Reactive Programming and the Reactive Manifesto


Article from Issue 163/2014

In July of last year, Jonas Bonér and some other colleagues published the Reactive Manifesto. Soon, the term was on everyone's lips, but this seemingly new programming concept is actually much older.

The term Reactive Programming was coined by David Harel and Amir Pnueli back in 1985 [1]. Harel and Pnueli focused their academic work on designing systems that must constantly respond to input or changes. Over the following years, the meaning of the term reactive programming shifted slightly.
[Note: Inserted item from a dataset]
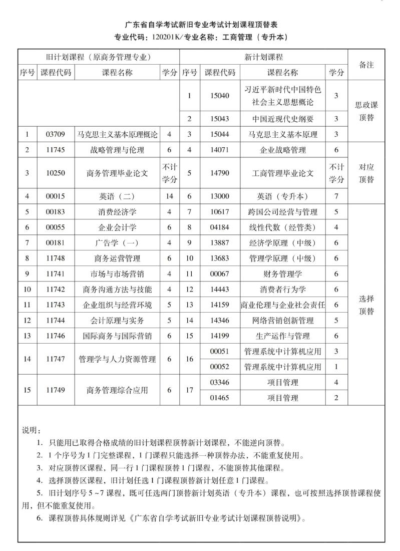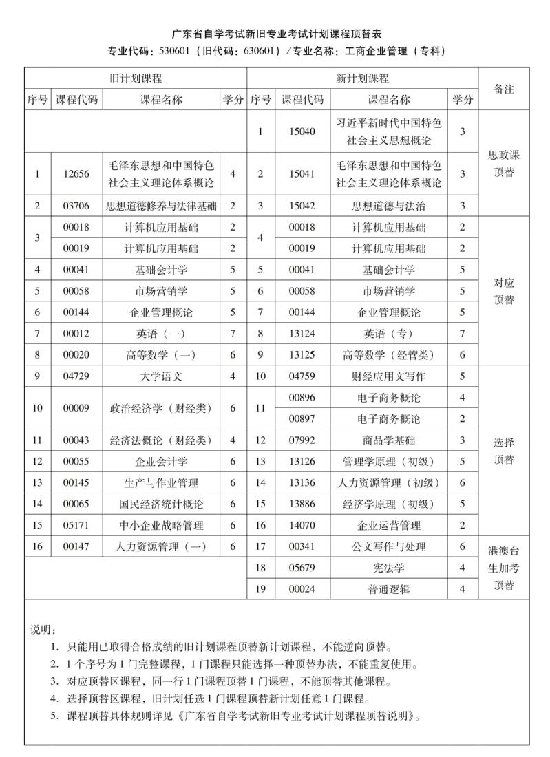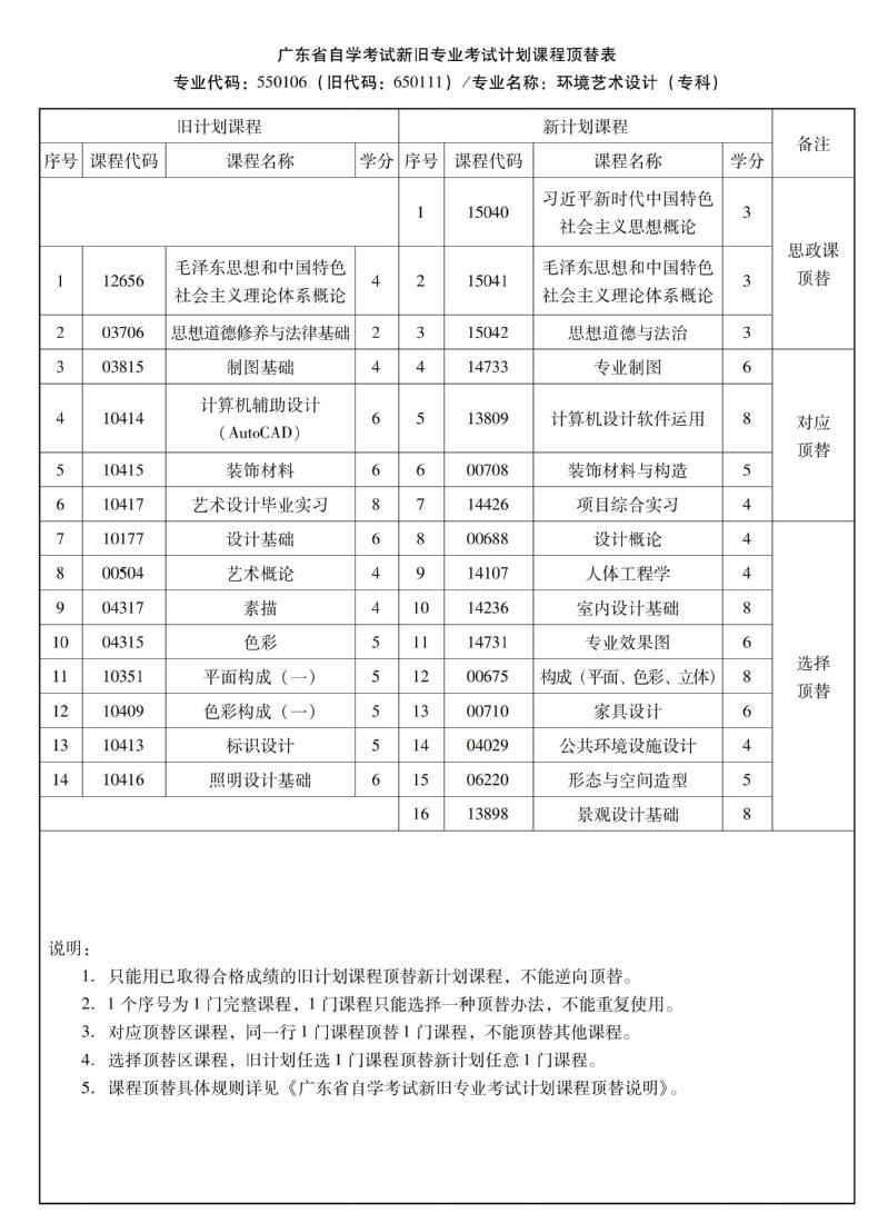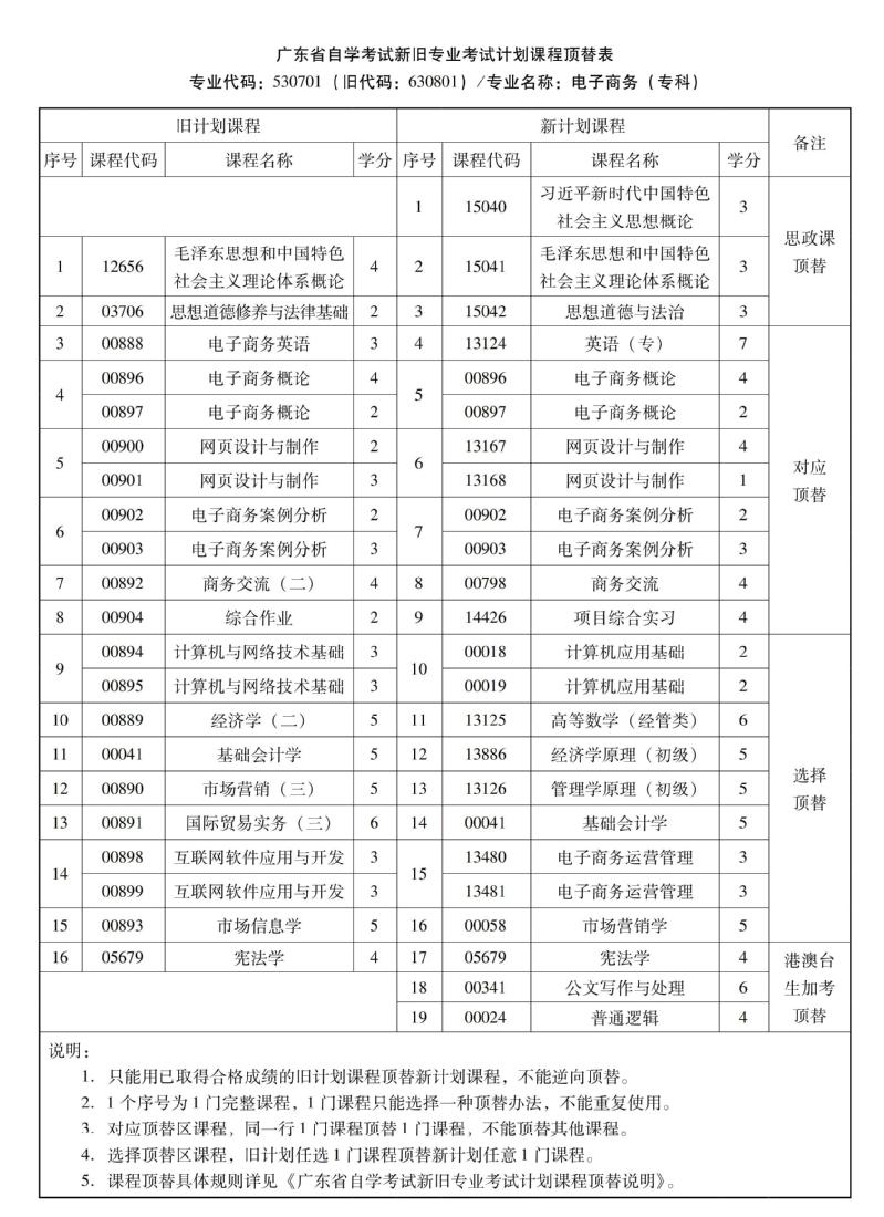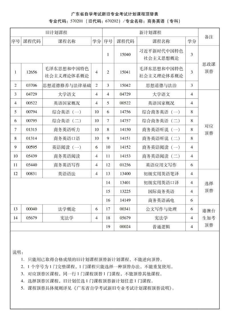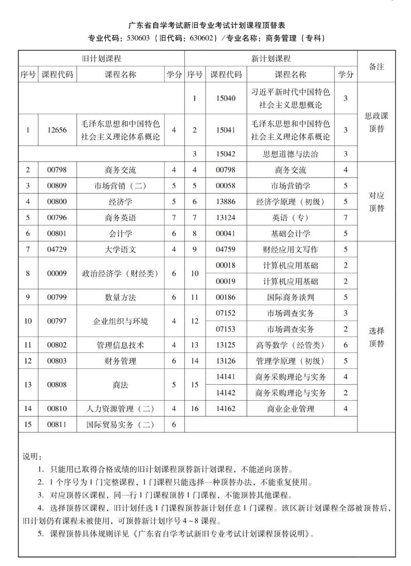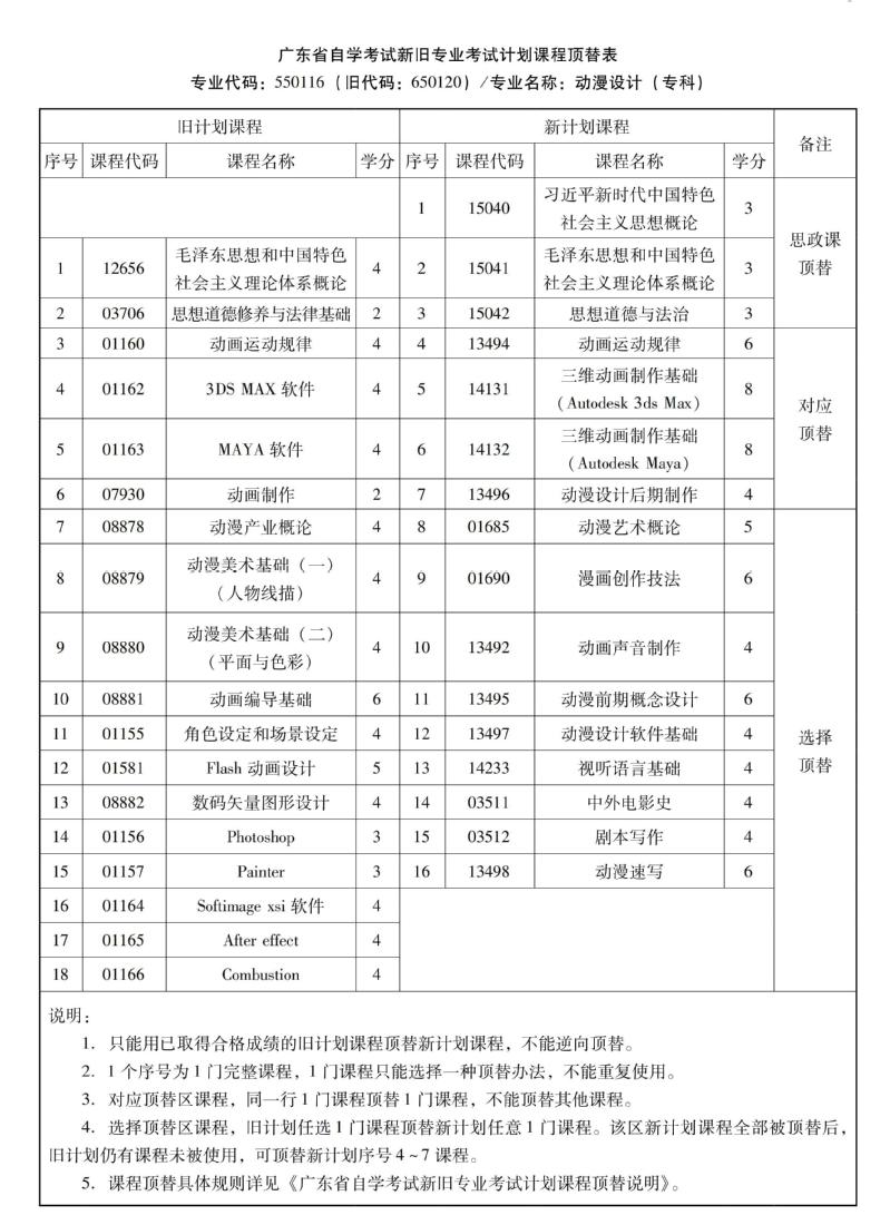 华南农业大学高等教育自学考试新旧专业考试计划课程顶替表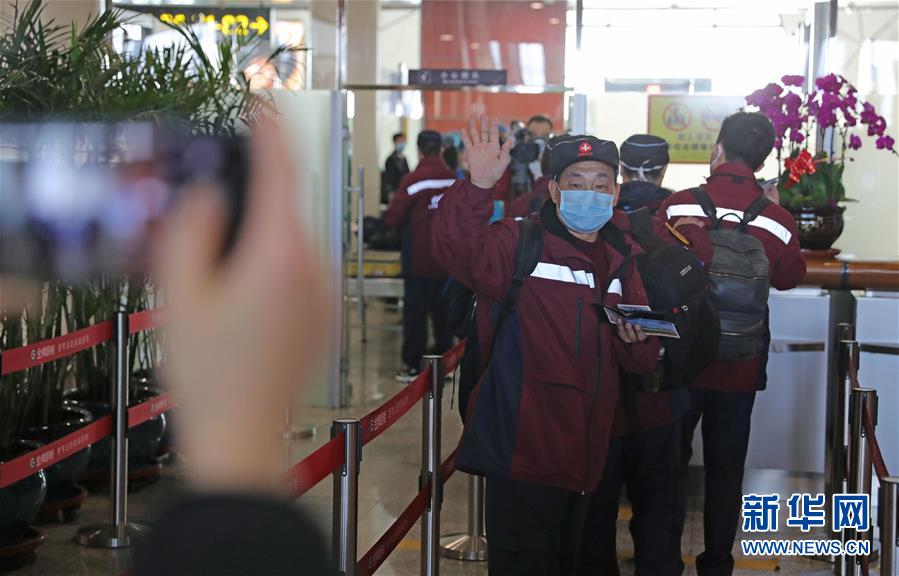 2月4日,中国医科大学附属第一医院的医护人员在沈阳桃仙机场与同事挥手告别。 当日,根据国家卫健委的任务要求,由中国医科大学附属第一医院的34名医护及管理人员、中国医科大学附属盛京医院的10名医护人员、中国医科大学附属口腔医院的两名保障人员组成的辽宁国家紧急医学救援队在沈阳桃仙机场出发,赶赴湖北。 新华社记者 杨青 摄

Today, an application is generally considered reactive if it responds quickly to input or data changes.

If you investigate the existing solutions that specialize in reactive programming, you will encounter a mix of terms, concepts, and implementations. Jonas Bonér and his co-authors wanted to clear up this confusion with their Reactive Manifesto [2][3]. Bonér and many of his colleagues work for Typesafe, which provides a platform for reactive programs [4], so the authors have a strong incentive to advance the prospects of reactive programming.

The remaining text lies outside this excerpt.